▸ Exercise goal: The reply should hold every line of the listing exactly, and none of its images.

▸ Supplied material:
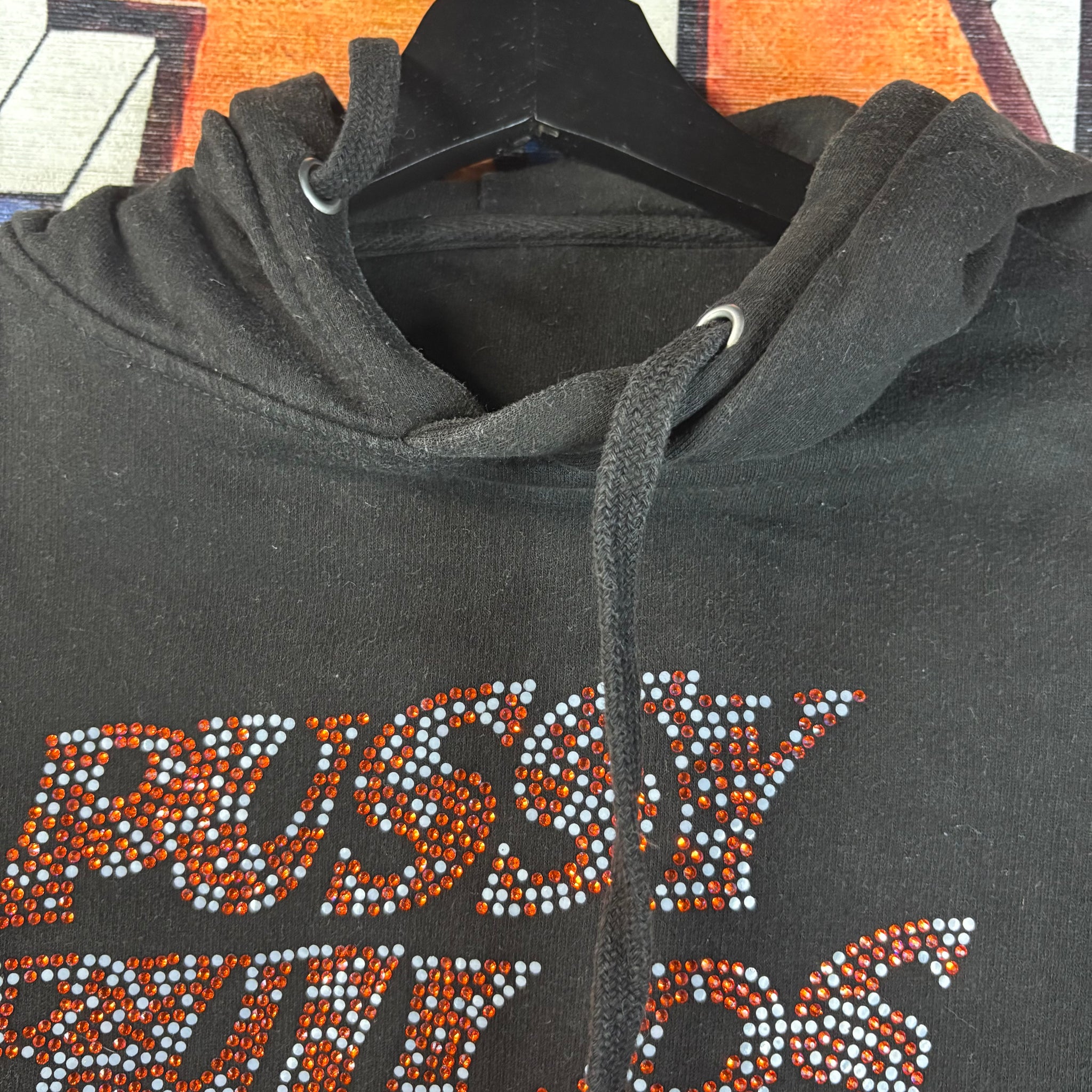 Sparkle with attitude in this bold black hoodie, featuring the memorable phrase "Pussy Builds Strong Bones" spelled out entirely in striking, sparkling orange and silver rhinestones. This pullover is the perfect statement piece, blending cozy fleece comfort with a cheeky, head-turning graphic.
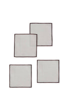 Margot Bardak Altlığı Seti, yumuşak ekru ketenden üretilmiş dört şık bardak altlığından oluşur ve her biri kontrast kahverengi biyeyle süslenmiştir. Yüzeylerinizi korurken dekorunuza zarif bir dokunuş katar.
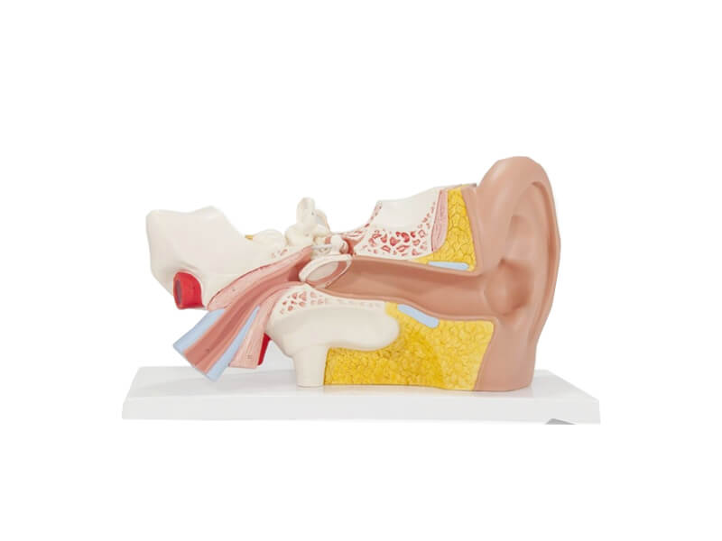 • Модель является разборной, изображает ухо человека в разрезе, демонстрирует строение слухового и вестибулярного аппаратов.

▸ Answer to the exercise:
 Sparkle with attitude in this bold black hoodie, featuring the memorable phrase "Pussy Builds Strong Bones" spelled out entirely in striking, sparkling orange and silver rhinestones. This pullover is the perfect statement piece, blending cozy fleece comfort with a cheeky, head-turning graphic.
 Margot Bardak Altlığı Seti, yumuşak ekru ketenden üretilmiş dört şık bardak altlığından oluşur ve her biri kontrast kahverengi biyeyle süslenmiştir. Yüzeylerinizi korurken dekorunuza zarif bir dokunuş katar.
 • Модель является разборной, изображает ухо человека в разрезе, демонстрирует строение слухового и вестибулярного аппаратов.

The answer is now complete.